Abstract
Rigorous flow simulations to obtain estimates for recovery are infeasible given many combinations of reservoir and development scenarios. This motivates an alternative approach to calibrate likelihood of recovery using reservoir datasets. A proxy model relating reservoir, well, and operational factors to the ultimate recovery factor could guide subsequent field-scale flow simulations. There are two reservoir datasets that we have used for the classification and estimation of ultimate recovery: the Tertiary Oil Recovery Information System (TORIS) database for oil reservoirs and the Gas Information System (GASIS) database for gas reservoirs.

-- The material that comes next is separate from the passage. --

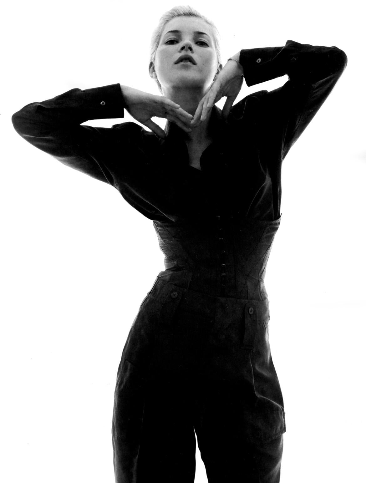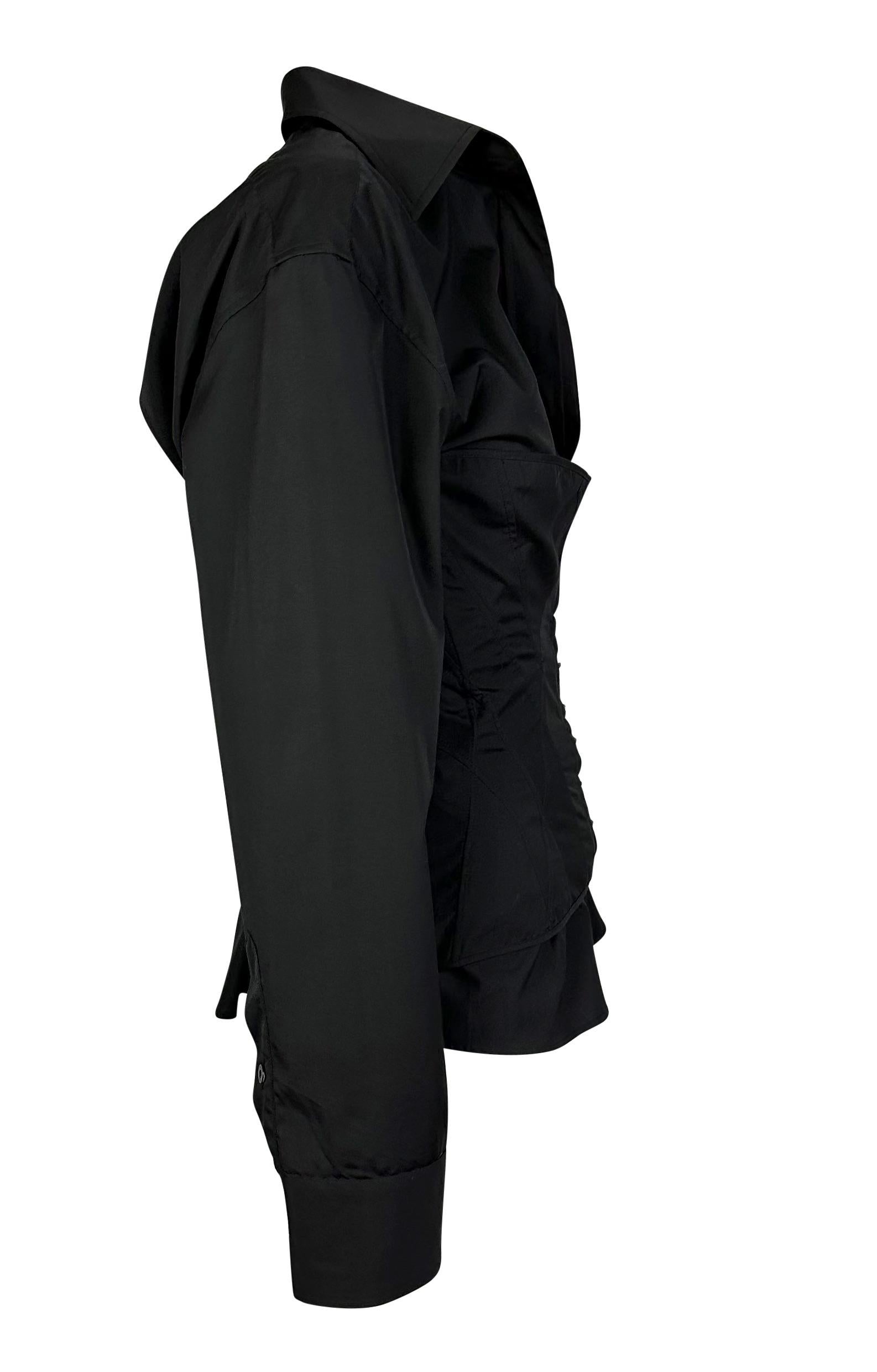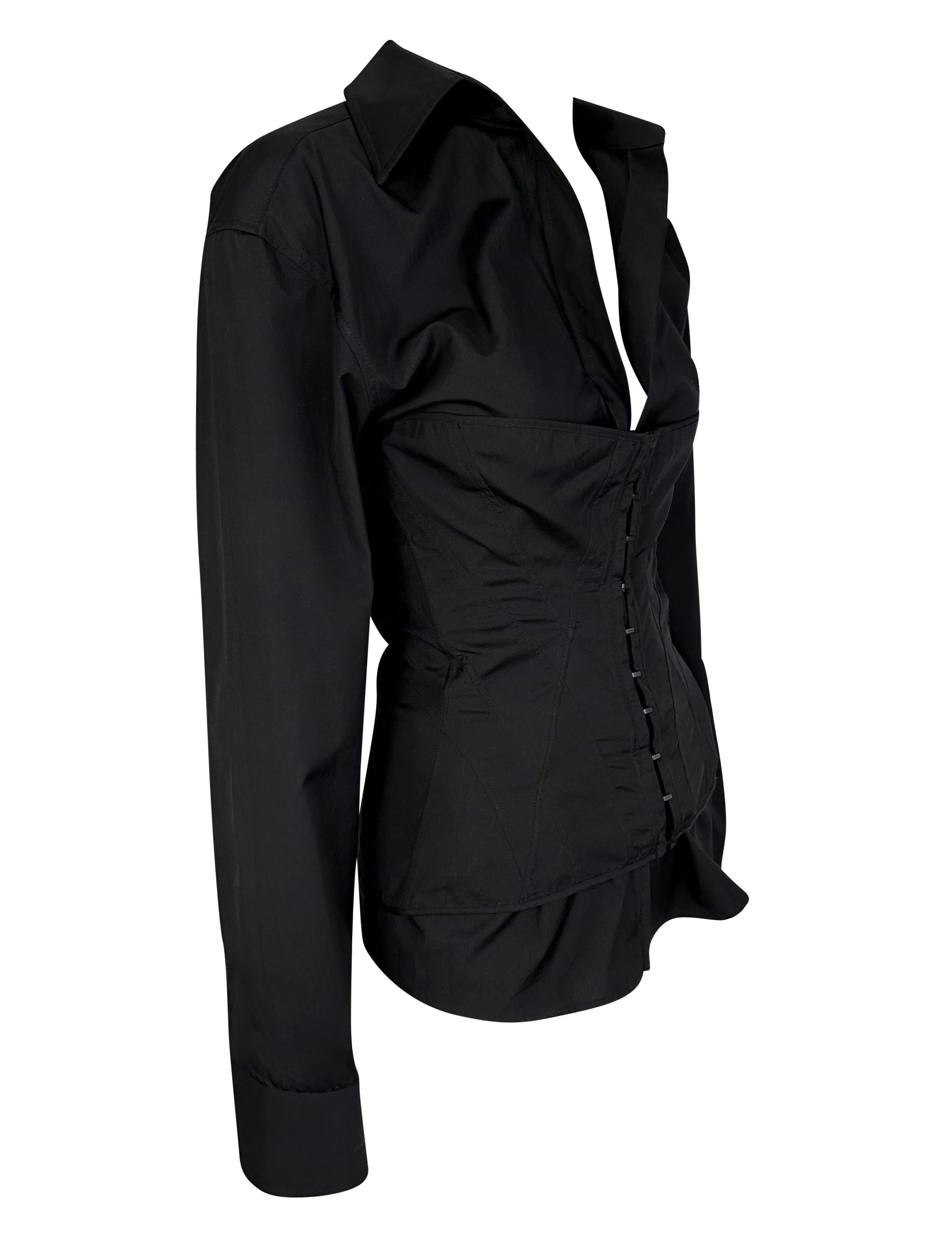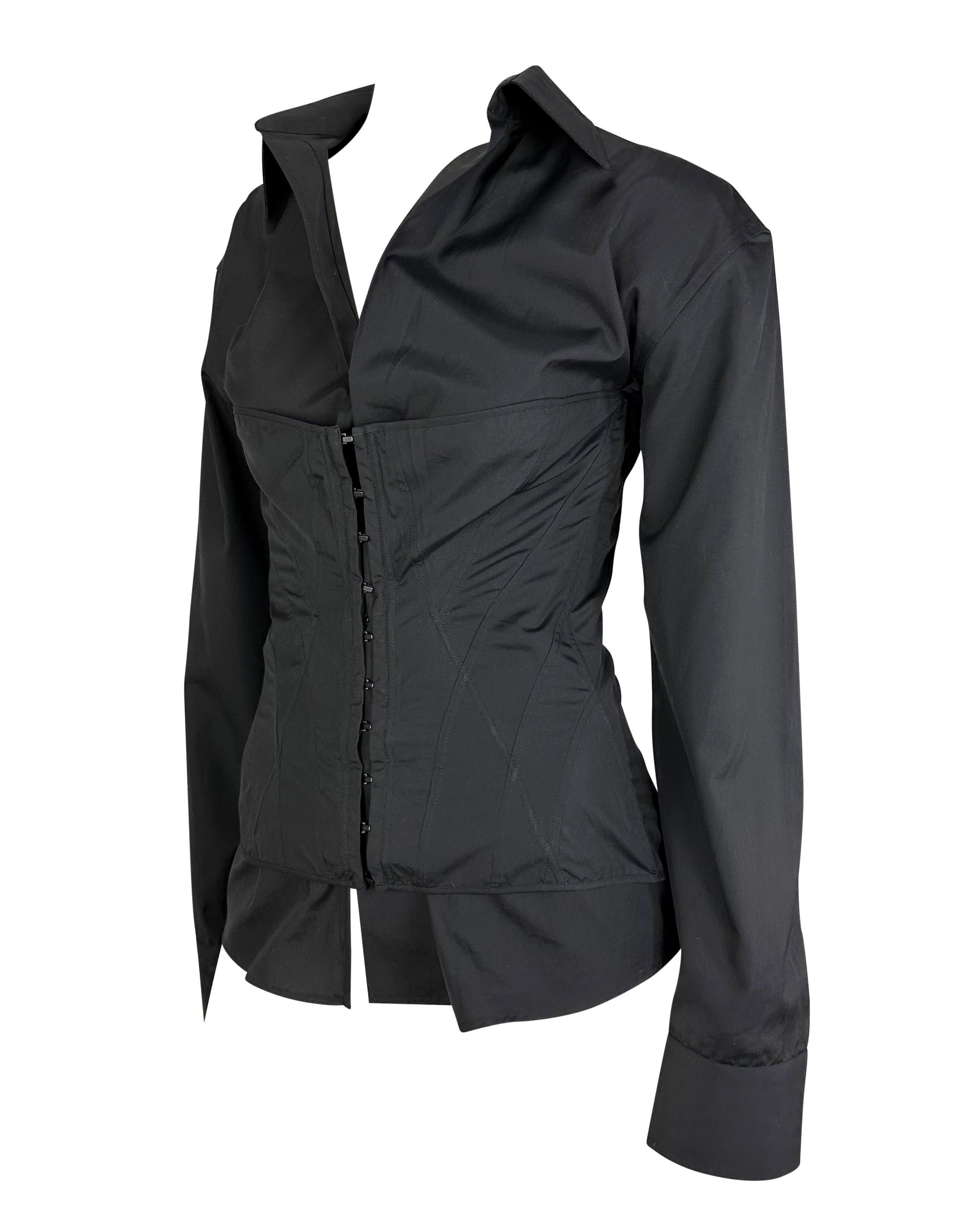 Presenting an incredible Gucci collared corset top, designed by Tom Ford for Gucci's Spring/Summer 2001 collection. Versions of this fabulous top debuted on runway looks 13 and 19 and were highlighted in the season's ad campaign, modeled by Kate Moss. This top features a classic collared shirt silhouette instantly elevated with an attached external corset. The top does not have the standard button-down closure creating a free-flowing plunging neckline. This punk chic top is a must-have for any Gucci by Tom Ford lover!

For oil reservoirs, 19 predictor variables were used to estimate the ultimate recovery factor. Cluster analysis was followed by linear regression analysis within the identified clusters that provided a reliable deterministic model for predicting the recovery factor. The linear regression model was compared with the empirical correlations given by Arps et al. (1967) and Guthrie et al. (1995). Analysis showed that geological and engineering parameters are correlated and both are important to the prediction of recovery factor. Later, we used a naive Bayesian approach on principal scores of the predictors for the calibration of recovery factor likelihood. The likelihood function of the recovery factor for oil reservoirs provided the uncertainty in recovery. It was computed to be multimodal and non-Gaussian.
In case of the gas reservoirs, good deterministic estimation was achieved by introducing cluster analysis to the data. The robustness of the linear regression model was tested on tight gas reservoirs. The likelihood of recovery factor was multimodal and non-Gaussian. It also indicates that gas reservoirs are less complex.